Bir süre sonra durdu. Tabii ben de. Aniden karşısında birisi belirmişti. Korkunç gözüküyordu. O belirdiğinde Draco kendine gelmişti.

"Yine mi? Sana hayır dedim. İstediğini yapmayacağım." Dediğinde Draco acıyla yere çökmüştü.

"Senden seçilmiş kişinin kalbini getirmeni istemiştim." Duyduğum sözlerle az daha gözlerimi devirecektim. Ne istiyorsunuz benden?

"Ondan nefret ettiğini düşünmüştüm. Öyle değil galiba. O zaman işime yaramazsın." Deyip elini kaldırdığında hiç beklemeden pelerinin altından büyüyü fısıldamıştım.

"Sersemlet." Adam geriye gidip yere düştüğü gibi ortadan kaybolmuştu. Anında koşarak pelerinle beraber Draco'nun üzerine kapanmıştım. Artık ikimizde görünmezdik.

"İyi misin?"

"Ne işin var burda? Ahh!" Karnını tutuyordu. Hâlâ canı yanıyordu.

"Kes sesini!" Elimi karnına koyup bir büyü fısıldamıştım. Evet kendimi geliştiriyordum. "Daha iyi mi?"

"Evet, teşekkür ederim."

"Kalkabilir misin?" Ayağa kalkmaya çalışsa da halsiz olduğu için yapamamıştı. Böyle olmayacağını anladığım için kucağıma almıştım.

"Potter, ne yapıyorsun? İndir beni! Bu şekilde okula gireceğimi mi düşündün. Hem de slytherin yatakhanesine?"
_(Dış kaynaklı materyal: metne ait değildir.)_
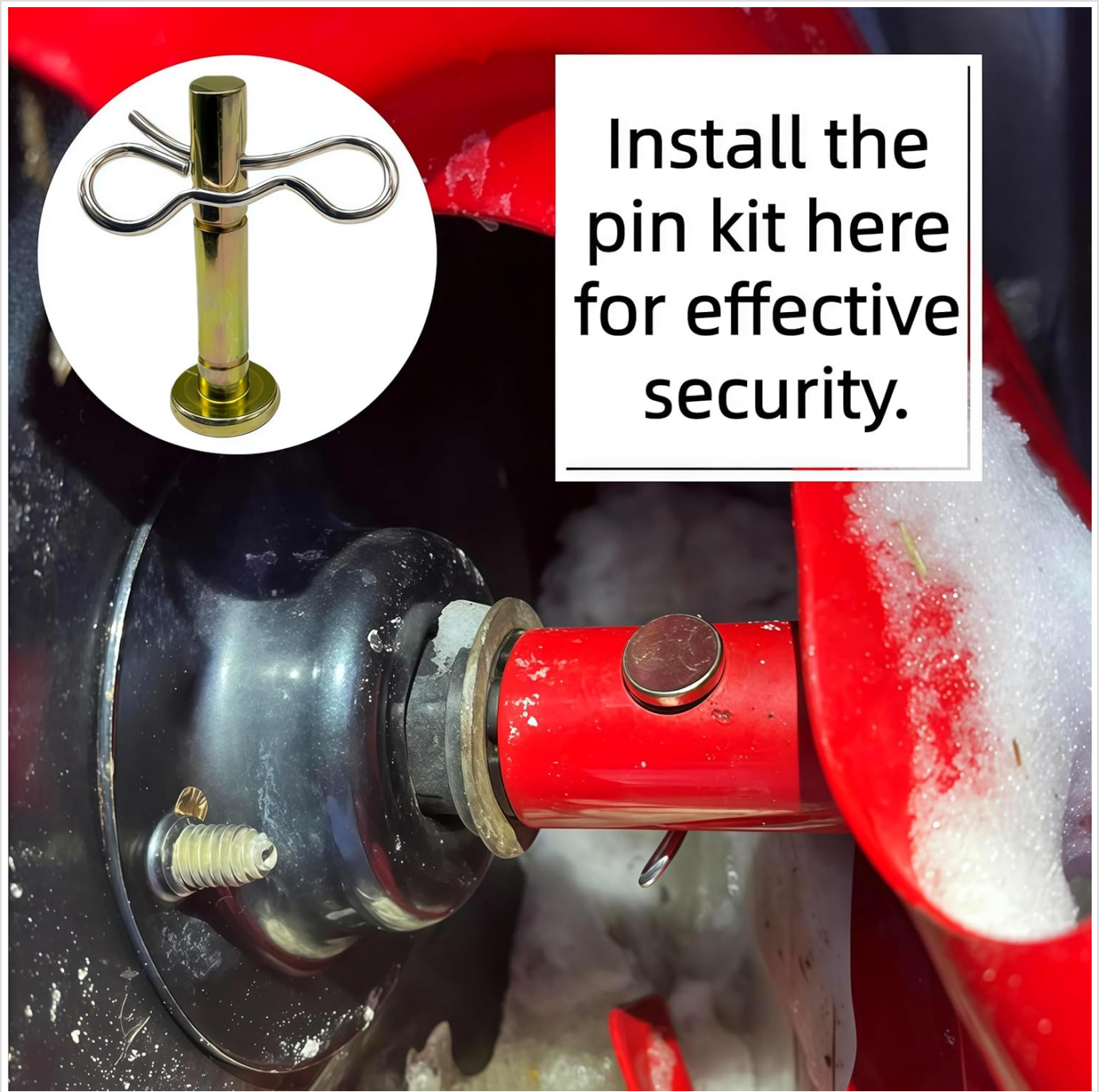
Image: A close-up view of a hand installing a shear pin and cotter pin into the auger shaft of a red snowblower, with snow visible around the components.

Video: A step-by-step demonstration of how to replace shear pins and cotter pins on a snowblower auger. This video shows the process of clearing the old pin, inserting the new shear pin, and securing it with a cotter pin using pliers.

"Sakin ol. Kimse bizi görmüyor."

"Ne?" Sonra aydınlanma yaşamış gibi etrafına bakındı. "Tabii ya şu meşhur pelerin."

"Ayrıca seni kendi odama götüreceğim." Dediğimde gözleri dehşetle açılmıştı.

"Beni asla arkadaşlarınla kaldığın odaya götüremezsin!" Endişeliydi.

"Rahat ol. Tek kalıyorum ben. Savaştan sonra kabuslar peşimi bırakmadığı için yalnız kalmak istediğimi söylemiştim Mcgonagall'e. O da anlayışla karşılamıştı."

"Tamam."

"Bu da bir gelişme..."

"Zorlama istersen, Potter."

"Sustum."

Bir süre sonra odaya varmıştık. Hayret baya sessizdi. Nedenini anlamak için yüzüne baktığımda uyumuş olduğunu gördüm. Asamı elimde tuttuğum için 'alahamora' diye fısıldayıp kapıyı açmıştım. İçeri girip kucağımdaki çocuğu yatağa bıraktım. Rahat uyuması için ayakkabılarını ve üzerindeki ceketini çıkarmış, üstünü örtmüştüm.

Uyurken çok daha masumdu. Kibirli ifadesi, alaycı sırıtışı olmadan... Sarı saçları uzamıştı. Bâzen bana kendimi sorgulatıyordu. Elimi saçlarına atıp biraz okşamış sonra ben de yatağın yan tarafına uzanmıştım.

Uzun süren düşüncelerden sonra sonunda uykuya dalmıştım. Sabah nasıl uyanacağımı düşünmeden tabii ki...

Bölüm sonu.

Merhabalaaar🌼Sonunda yayımladım bölümü...

Harry: hayır, Draco'nun ne yaptığını merak etmiyorum!
Yine Harry: Yine neye bulaştın, Draco?

Jlsksmsmsm neyse

Bu arada Harry'nin Draco'yu taşıyabilmesine sebep çocuğun zayıf olması. Kitaplarda da böyleydi. Yaşadıklarından sonra da biraz daha zayıf düşmüş. Zamanla toparlayacaktır.

Bilgi: Draco, Cedric ve Neville'in asalarında tekbuynuzlu at kılı var.